Dataset excerpts:
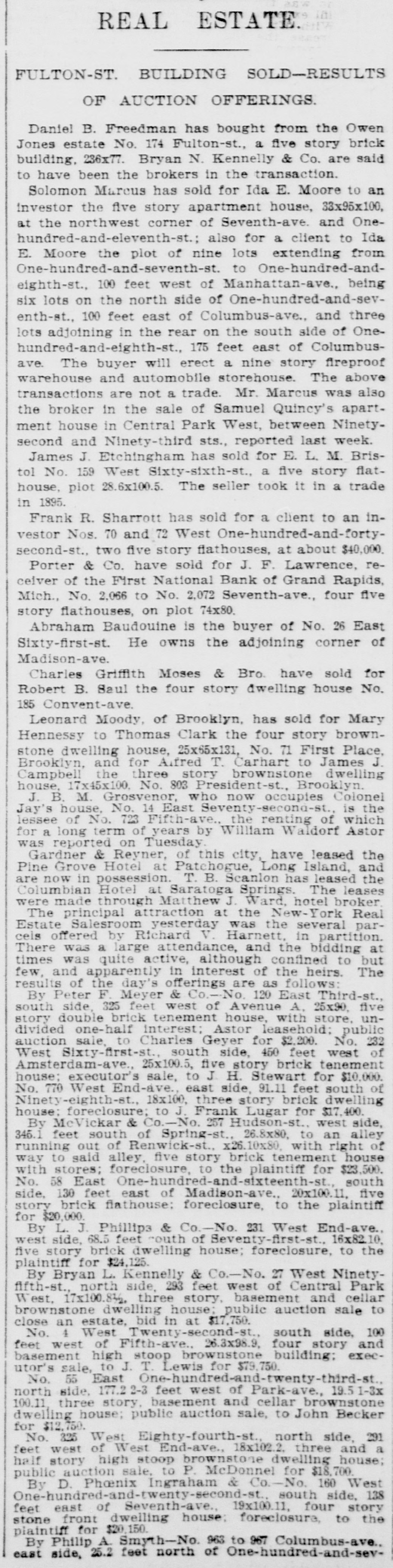 REAL ESTATE. # FULTON-ST. BUILDING SOLD-RESULTS # OF AUCTION OFFERINGS. Daniel B. Freedman has bought from the Owen Jones estate No. 174 Fulton-st., a five story brick building, 236x77. Bryan N. Kennelly & Co. are said to have been the brokers in the transaction. Solomon Marcus has sold for Ida E. Moore to an investor the five story apartment house, 33x95x100, at the northwest corner of Seventh-ave. and One- hundred-and-eleventh-st.; also for a client to Ida E. Moore the plot of nine lots extending from One-hundred-and-seventh-st. to One-hundred-and- eighth-st., 100 feet west of Manhattan-ave., being six lots on the north side of One-hundred-and-sev- enth-st., 100 feet east of Columbus-ave., and three lots adjoining in the rear on the south side of One- hundred-and-eighth-st., 175 feet east of Columbus- ave. The buyer will erect a nine story fireproof warehouse and automobile storehouse. The above transactions are not a trade. Mr. Marcus was also the broker in the sale of Samuel Quincy's apart- ment house in Central Park West, between Ninety- second and Ninety-third sts., reported last week. James J. Etchingham has sold for E. L. M. Bris- tol No. 159 West Sixty-sixth-st., a five story flat- house, plot 28.6x100.5. The seller took it in a trade in 1895. Frank R. Sharrott has sold for a client to an in- vestor Nos. 70 and 72 West One-hundred-and-forty- second-st., two five story flathouses, at about $40,000. Porter & Co. have sold for J. F. Lawrence, re- ceiver of the First National Bank of Grand Rapids, Mich., No. 2,066 to No. 2,072 Seventh-ave., four five story flathouses, on plot 74x80. Abraham Baudouine is the buyer of No. 26 East Sixty-first-st. He owns the adjoining corner of Madison-ave. Charles Griffith Moses & Bro. have sold for Robert B. Saul the four story dwelling house No. 185 Convent-ave. Leonard Moody, of Brooklyn, has sold for Mary Hennessy to Thomas Clark the four story brown- stone dwelling house, 25x65x131, No. 71 First Place, Brooklyn, and for Aifred T. Carhart to James J. Campbell the three story brownstone dwelling house, 17x45x100, No. 803 President-st., Brooklyn. J. B. M. Grosvenor, who now occupies Colonel Jay's house, No. 14 East Seventy-second-st., is the lessee of No. 723 Fifth-ave., the renting of which for a long term of years by William Waldorf Astor was reported on Tuesday. Gardner & Reyner, of this city, have leased the Pine Grove Hotel at Patchogue, Long Island, and are now in possession. T. B. Scanlon has leased the Columbian Hotel at Saratoga Springs. The leases were made through Matthew J. Ward, hotel broker. The principal attraction at the New-York Real Estate Salesroom yesterday was the several par- ceis offered by Richard V. Harnett, in partition. There was a large attendance, and the bidding at times was quite active, although confined to but few, and apparently in interest of the heirs. The results of the day's offerings are as follows: By Peter F. Meyer & Co.-No. 120 East Third-st., south side, 325 feet west of Avenue A, 25x90, five story double brick tenement house, with store, un- divided one-half interest; Astor leasehold; public auction sale, to Charles Geyer for $2,200. No. 232 West Sixty-first-st., south side, 450 feet west of Amsterdam-ave., 25x100.5, five story brick tenement house; executor's sale, to J. H. Stewart for $10,000. No. 770 West End-ave., east side, 91.11 feet south of Ninety-eighth-st., 18x100, three story brick dwelling house; foreclosure; to J. Frank Lugar for $17,400. By McVickar & Co.-No. 257 Hudson-st., west side, 345.1 feet south of Spring-st., 26.8x80, to an alley running out of Renwick-st., x26.10x80, with right of way to said alley, five story brick tenement house with stores; foreclosure, to the plaintiff for $23,500. No. 58 East One-hundred-and-sixteenth-st., south side, 130 feet east of Madison-ave., 20x100.11, five story brick flathouse; foreclosure, to the plaintiff for $20,000. By L. J. Phillips & Co.-No. 231 West End-ave., west side, 68.5 feet south of Seventy-first-st., 16x82.10, five story brick dwelling house; foreclosure, to the plaintiff for $24,125. By Bryan L. Kennelly & Co.-No. 27 West Ninety- fifth-st., north side, 293 feet west of Central Park West, 17x100.8½, three story, basement and cellar brownstone dwelling house; public auction sale to close an estate, bid in at $17,750. No. 4 West Twenty-second-st., south side, 100 feet west of Fifth-ave., 26.3x98.9, four story and basement high stoop brownstone building; exec- utor's sale, to J. T. Lewis for $79,750. No. 55 East One-hundred-and-twenty-third-st., north side, 177.2 2-3 feet west of Park-ave., 19.5 1-3x 100.11, three story, basement and cellar brownstone dwelling house; public auction sale, to John Becker for $12,750. No. 325 West Eighty-fourth-st., north side, 291 feet west of West End-ave., 18x102.2, three and a half story high stoop brownstone dwelling house; public auction sale, to P. McDonnel for $18,700. By D. Phœnix Ingraham & Co.-No. 160 West One-hundred-and-twenty-second-st., south side, 138 feet east of Seventh-ave., 19x100.11, four story stone front dwelling house; foreclosure, to the plaintiff for $20,150. By Philip A. Smyth-No. 963 to 967 Columbus-ave., east side, 25.2 feet north of One-hundred-and-sev-
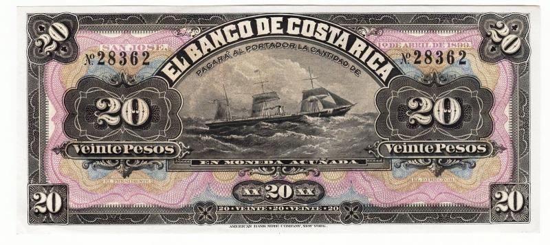 Interesting JIM discussion.... And I love the Educational Note! I sold/Traded one in Memphis... I finally found an example of this Costa Rica 20 Peso remainder that I was happy enough with to pull the trigger: Beautiful colors and design IMO. The lady on the back is certainly better looking than some of the Greek "Dandy's" MEC has posted... LOL
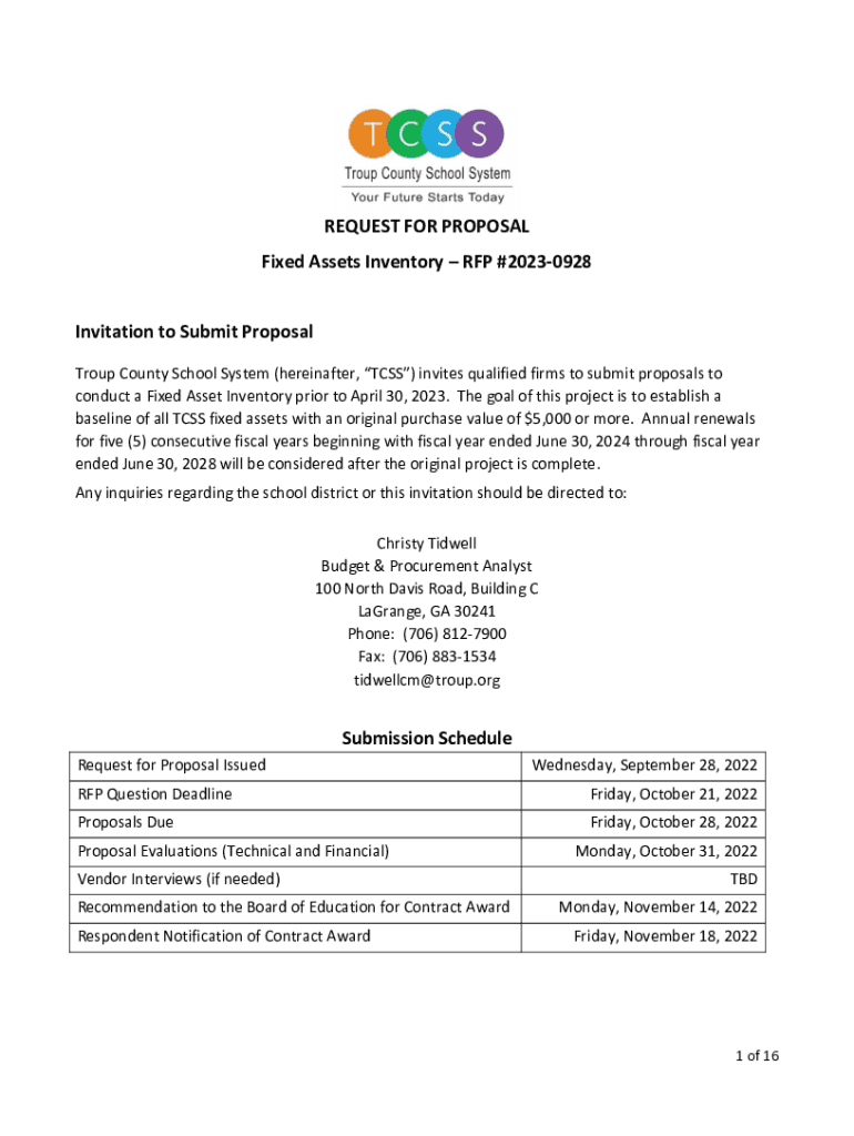 Get the free Fixed Asset Inventory Services Request for Proposals #2113
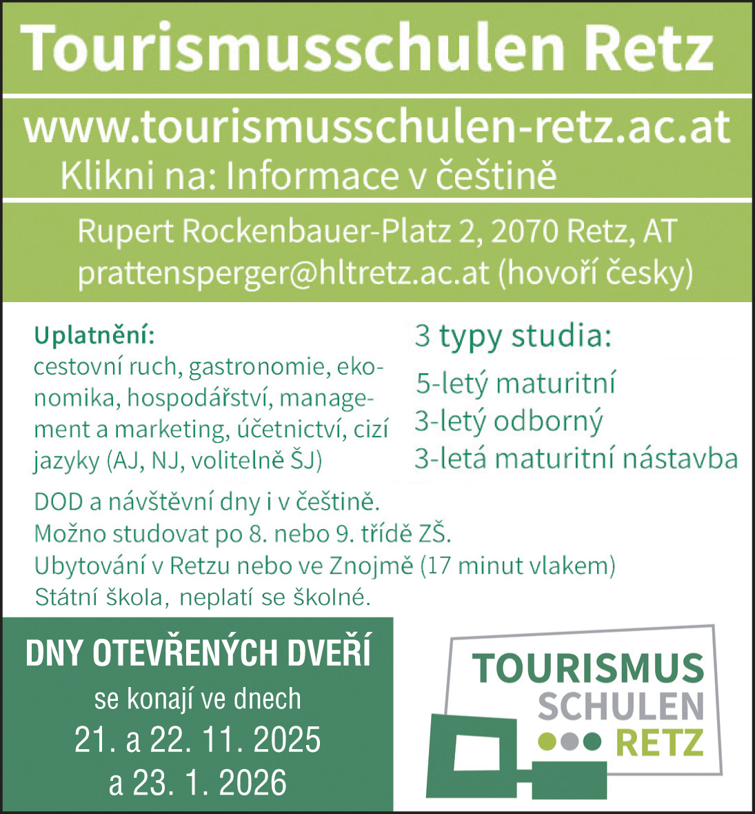 Střední škola cestovního ruchu a odborná škola turismu v Retzu, Rupert Rockenbauer Platz 2, pořádají Den otevřených dveří ve dnech 21. listopadu 2025 (od 14.00 do 18.00 hodin) a 22. listopadu 2025 (od 9.00 do 14.00 hodin).
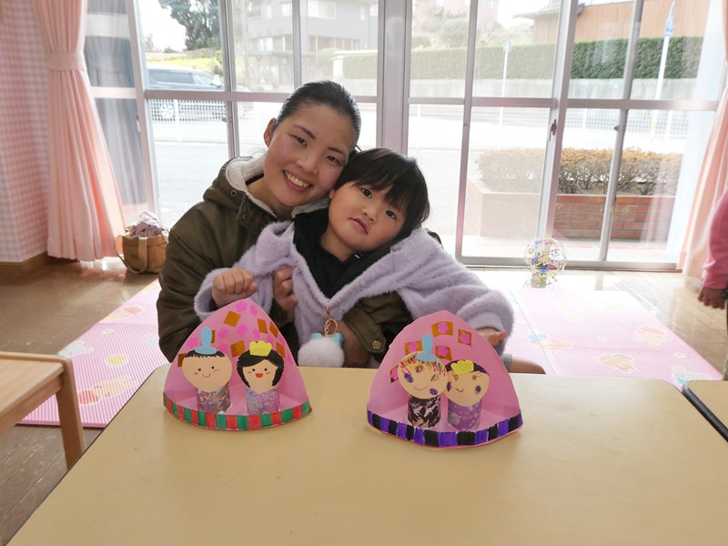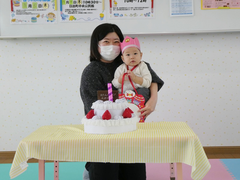 ひな飾り作りをしました。 お母さんに手を添えてもらい、一緒にクレパスでなぐり描きを楽しんだり、シールを貼ったりしてかわいいひな飾りが完成していました。 2月うまれのお友達の誕生会をしました。 上手にケーキの上にろうそくを立てることができました。
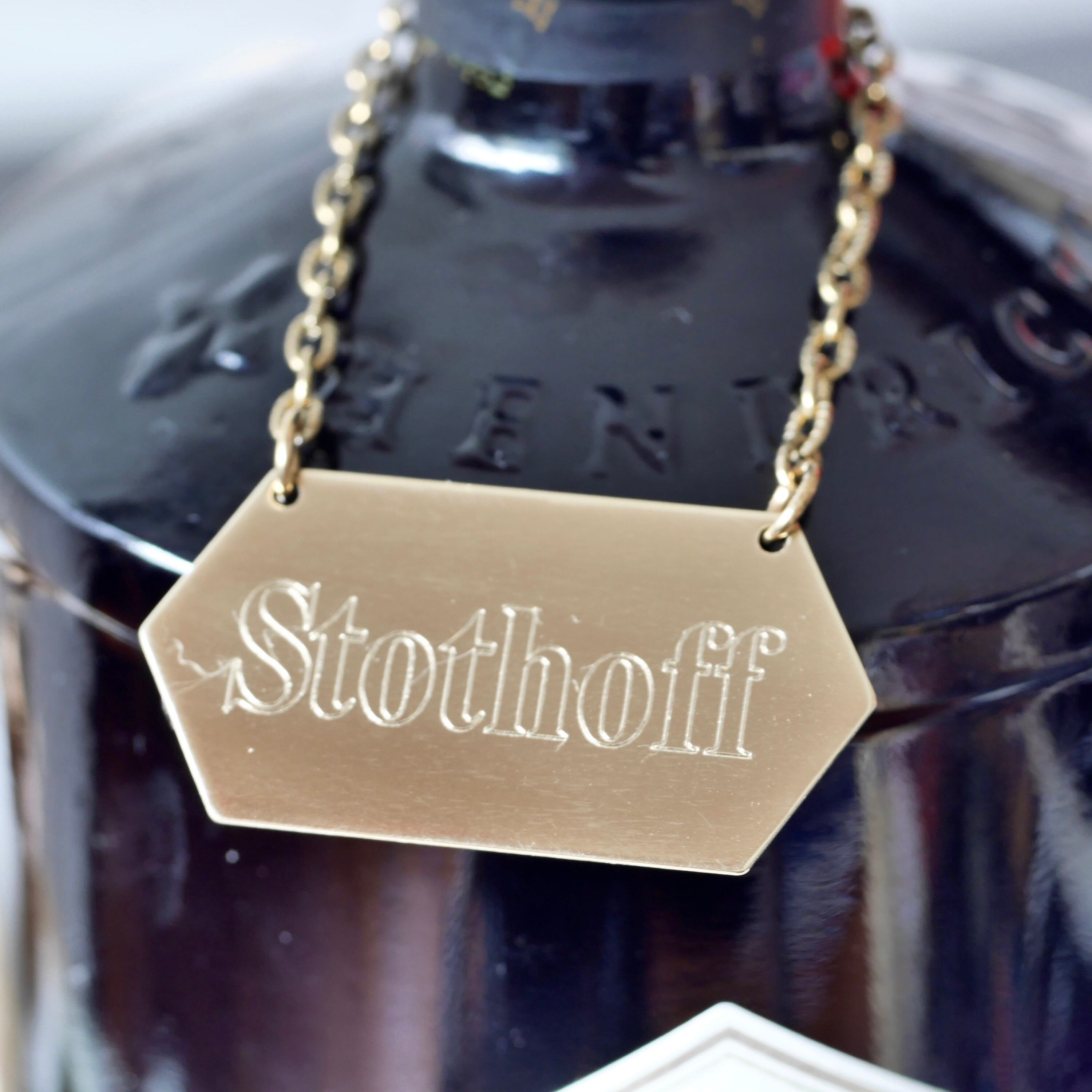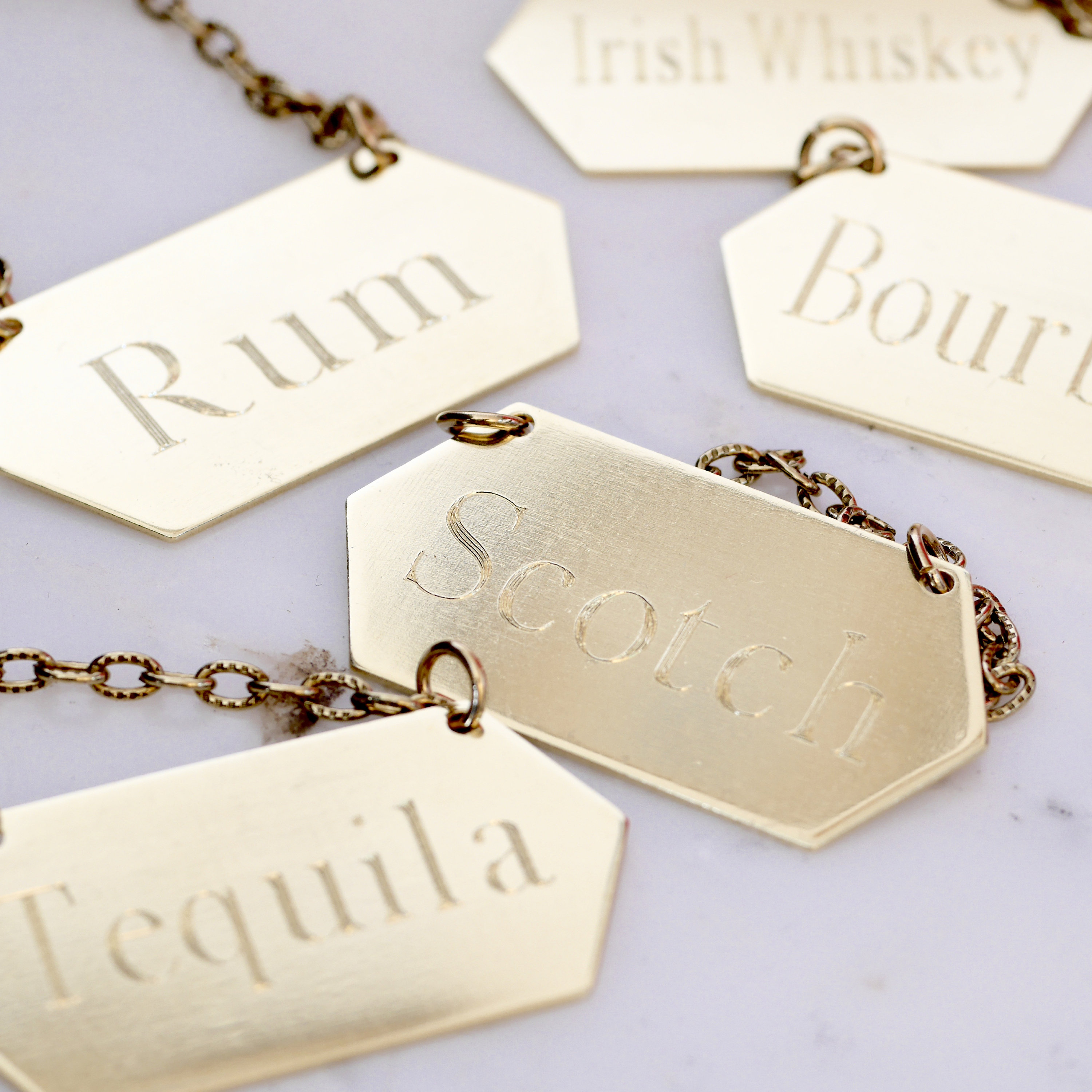 Personalised Brass Decanter Tag - Brass Bottle NecklaceTag - Personalised Gift for him - Liquor Tag - Brass Decanter Label
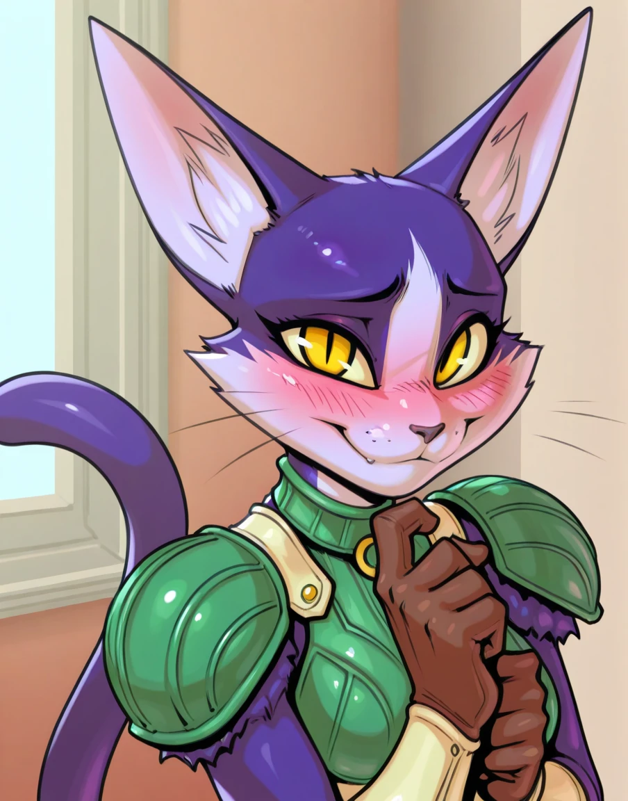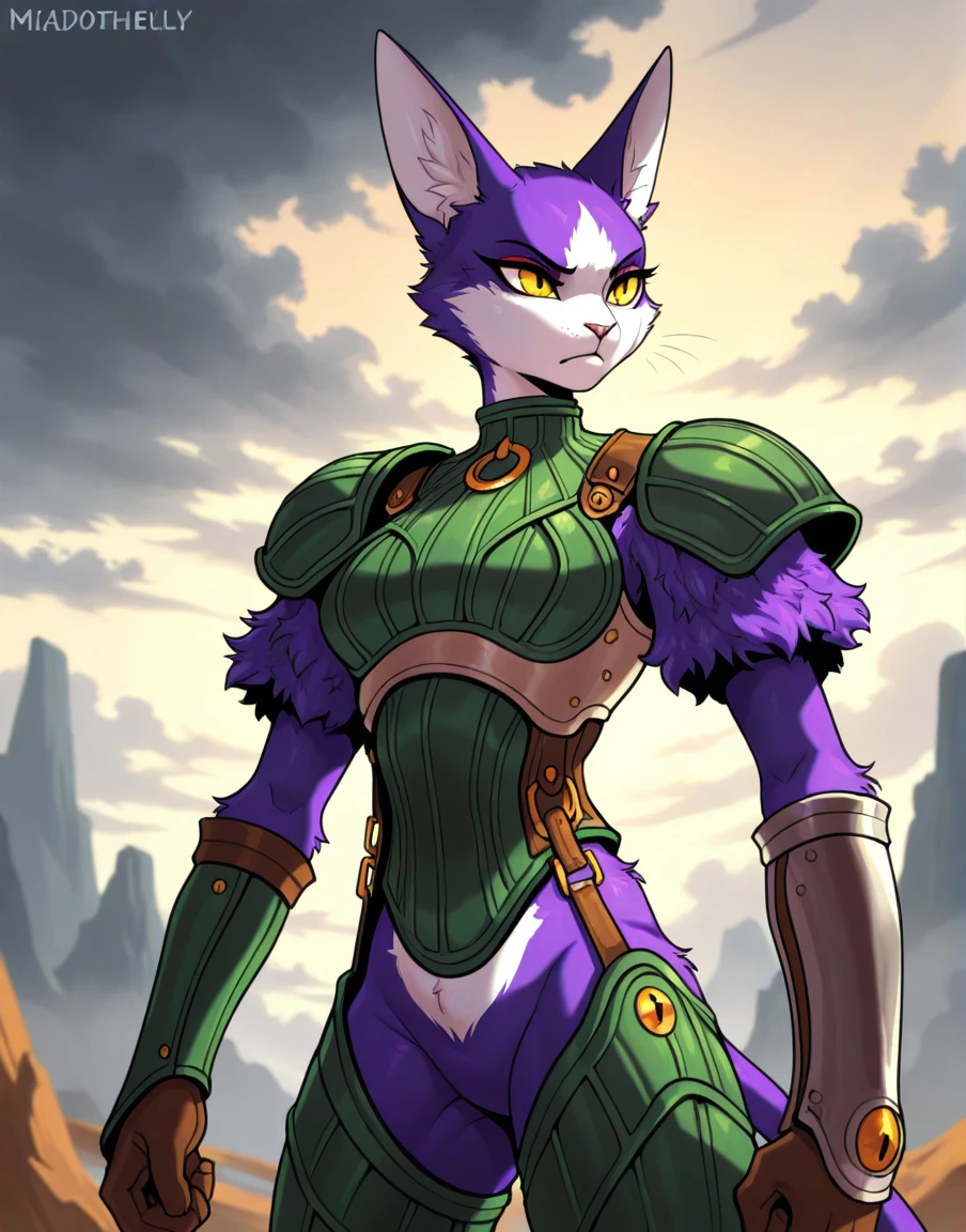 miadothack, female, anthro, cat, purple fur, yellow eyes, whiskers
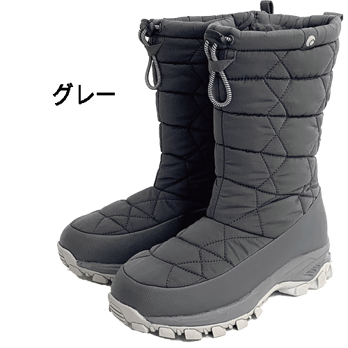 女性向けのセミロングタイプウィンターブーツ。 シンプルなキルティングスタイルのアッパーは、撥水・防汚加工が施され、サイドジッパー式なので脱ぎ履きが簡単。 上部のドローコードは絞る事ができるので、履き口を足にフィットさせて雪や冷たい冷気をシャットダウン。 さらにソールは特殊な防滑ソール(Ice Brake Sole)を採用し、凍った路面でのグリップ性能がアップ。 内部は全面がボア貼りなので、あたたかく保温性もありソフトな履き心地。 【カラー】ブラック、グレー ※色味が写真と若干異なる場合がございます。 【サイズ】22.5〜23CM、23.5〜24CM、24.5〜25CM 【素材】アッパー : 合成繊維(ポリエステル)+合成皮革(PVC) ソール : 合成樹脂(EVA)+合成ゴム(TPR) 【 当店の取り扱い商品 】 フィットネス・トレーニング用品 スポーツウェア トレッキング用品 健康磁気アクセサリ サポーター サッカー用品 卓球台 レクレーション・軽スポーツ スイム・サーフ スキー・スノーボード
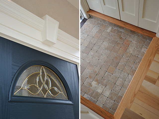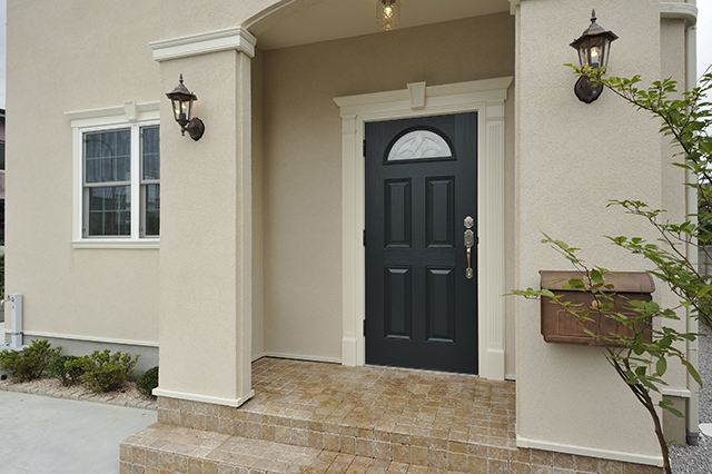 玄関扉は重厚感のあるネイビーグレー。玄関扉の周囲の飾りはFYPON(ファイポン)社製輸入部材を使用し、アプローチから玄関の床は大理石のモザイクタイルを使用しています。

To do:
Extract from the material above the stretch running from the line containing "Personalised Brass Decanter" through the line containing "レクレーション・軽スポーツ スイム・サーフ スキー・スノーボード". Keep the text exact and the pictures out.

Answer to this exercise:
 Personalised Brass Decanter Tag - Brass Bottle NecklaceTag - Personalised Gift for him - Liquor Tag - Brass Decanter Label
 miadothack, female, anthro, cat, purple fur, yellow eyes, whiskers
 女性向けのセミロングタイプウィンターブーツ。 シンプルなキルティングスタイルのアッパーは、撥水・防汚加工が施され、サイドジッパー式なので脱ぎ履きが簡単。 上部のドローコードは絞る事ができるので、履き口を足にフィットさせて雪や冷たい冷気をシャットダウン。 さらにソールは特殊な防滑ソール(Ice Brake Sole)を採用し、凍った路面でのグリップ性能がアップ。 内部は全面がボア貼りなので、あたたかく保温性もありソフトな履き心地。 【カラー】ブラック、グレー ※色味が写真と若干異なる場合がございます。 【サイズ】22.5〜23CM、23.5〜24CM、24.5〜25CM 【素材】アッパー : 合成繊維(ポリエステル)+合成皮革(PVC) ソール : 合成樹脂(EVA)+合成ゴム(TPR) 【 当店の取り扱い商品 】 フィットネス・トレーニング用品 スポーツウェア トレッキング用品 健康磁気アクセサリ サポーター サッカー用品 卓球台 レクレーション・軽スポーツ スイム・サーフ スキー・スノーボード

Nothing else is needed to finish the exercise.